The API uses standard HTTP status codes to indicate the success or failure of requests.

Status Code	Meaning
200 OK	Successful request.
400 Bad Request	Invalid input or missing required parameters.
401 Unauthorized	Invalid, expired, or missing API key.
429 Too Many Requests	Rate limit exceeded.

Detailed error messages are provided in the errors array in the response body. These messages are safe to display to end users in your application.

Rate Limiting

To ensure fair usage and prevent abuse, the API implements rate limiting. Current limits are:

• /data/search: 2,048 requests every 12 hours.
• /tools/combo-lookup: 4,096 requests every 12 hours.
• All other endpoints: 256 requests every 2 minutes.

If you exceed these limits, you’ll receive a 429 Too Many Requests response. The following response headers are included on all authenticated requests:

Header	Description
X-Rate-Limit	Maximum number of requests allowed in the current window.
X-Rate-Limit-Remaining	Number of requests remaining in the current window.
X-Rate-Limit-Reset	Seconds until the current rate limit window resets.

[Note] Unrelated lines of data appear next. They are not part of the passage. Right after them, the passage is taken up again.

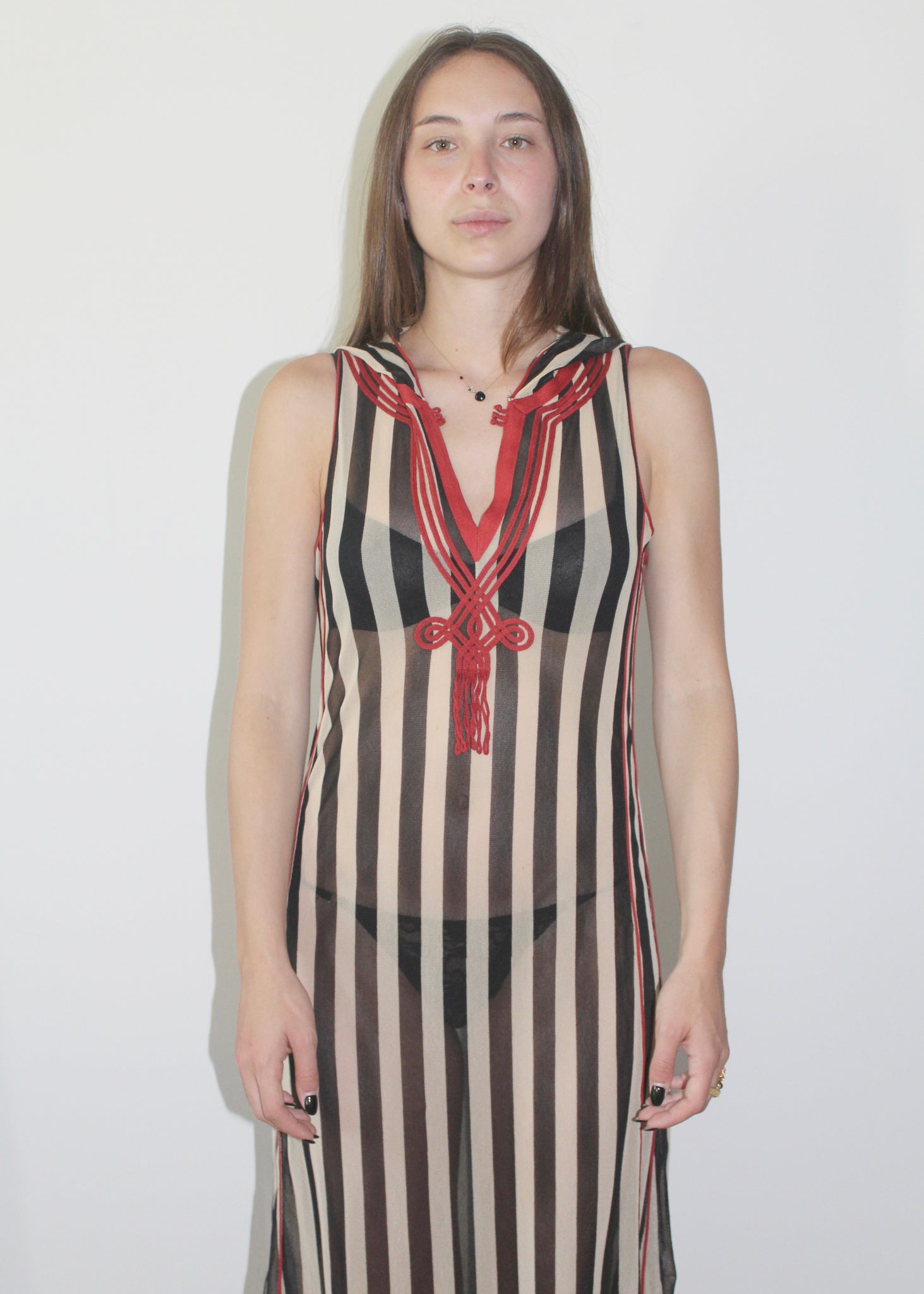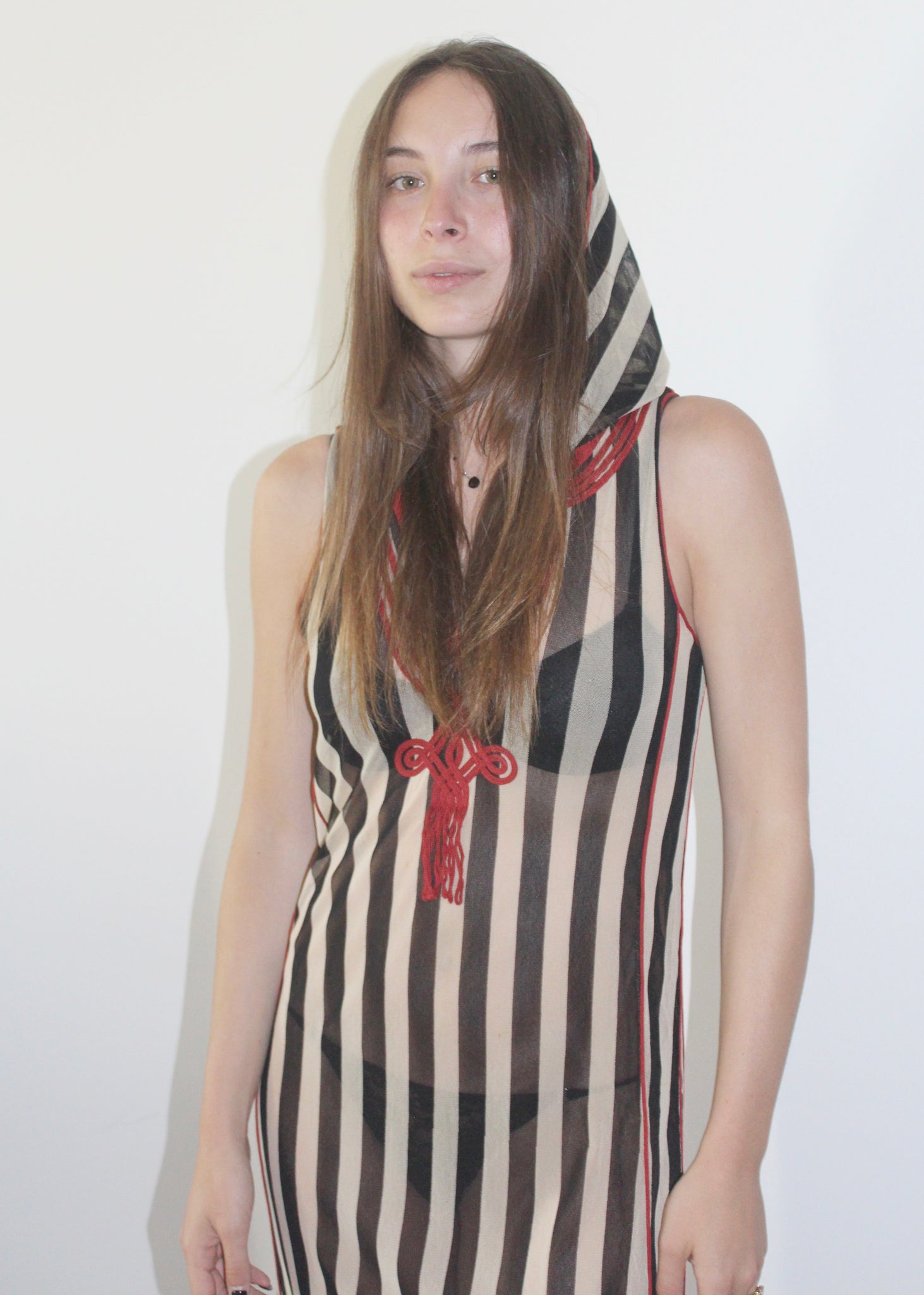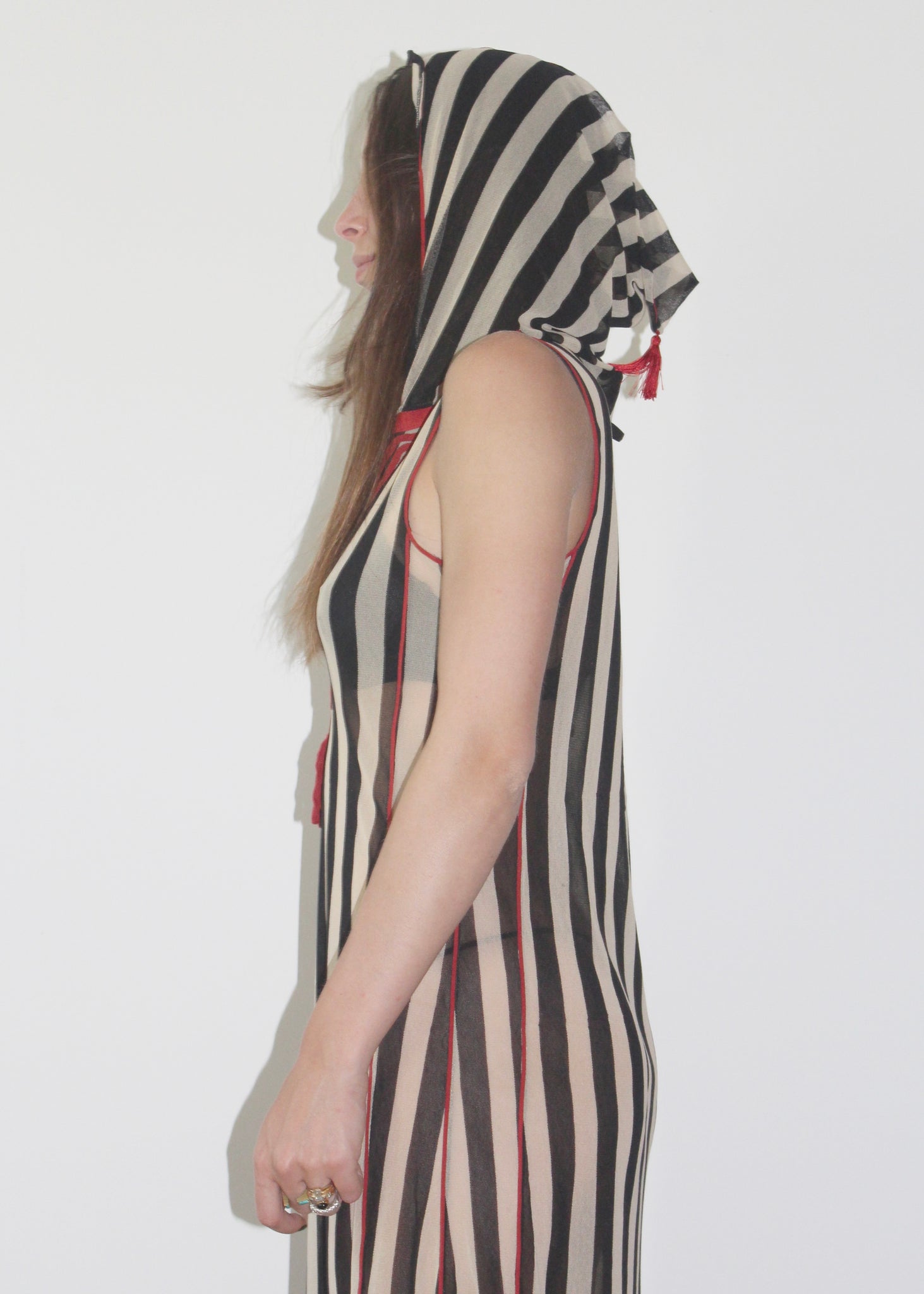 Abito mesh tunica lungo con cappuccio, Jean Paul Gaultier.
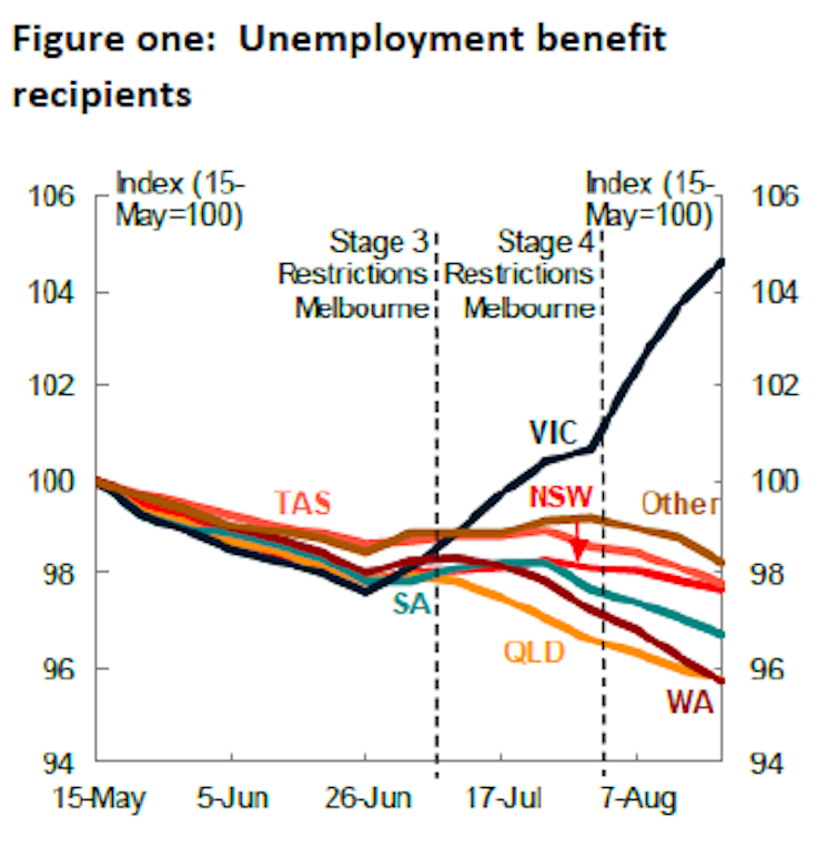 Since late June Victorians on unemployment benefits rose by 27.600 (7.2%). More than half the increase was in the three weeks to August 21, when the stage 4 lockdown was operating.
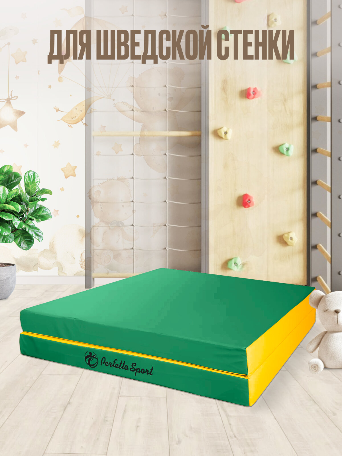 Мат спортивный для шведской стены детский гимнастический "PERFETTO SPORT" 10 (100 х 150 х 10) складной жёлтый

These limits are subject to change, so it’s advisable to implement these headers in your application logic.

Important Information

• API Key Security: Keep your API key confidential and never expose it in client-side code. You are responsible for your API key, and misuse may result in termination per our Terms of Service.

• Data Sanitization: Always sanitize outputs from our API before rendering them in your application. We don’t modify much of the data we import, so expect HTML and potential exploits aimed at the third-party websites we import to still be present in some datasets.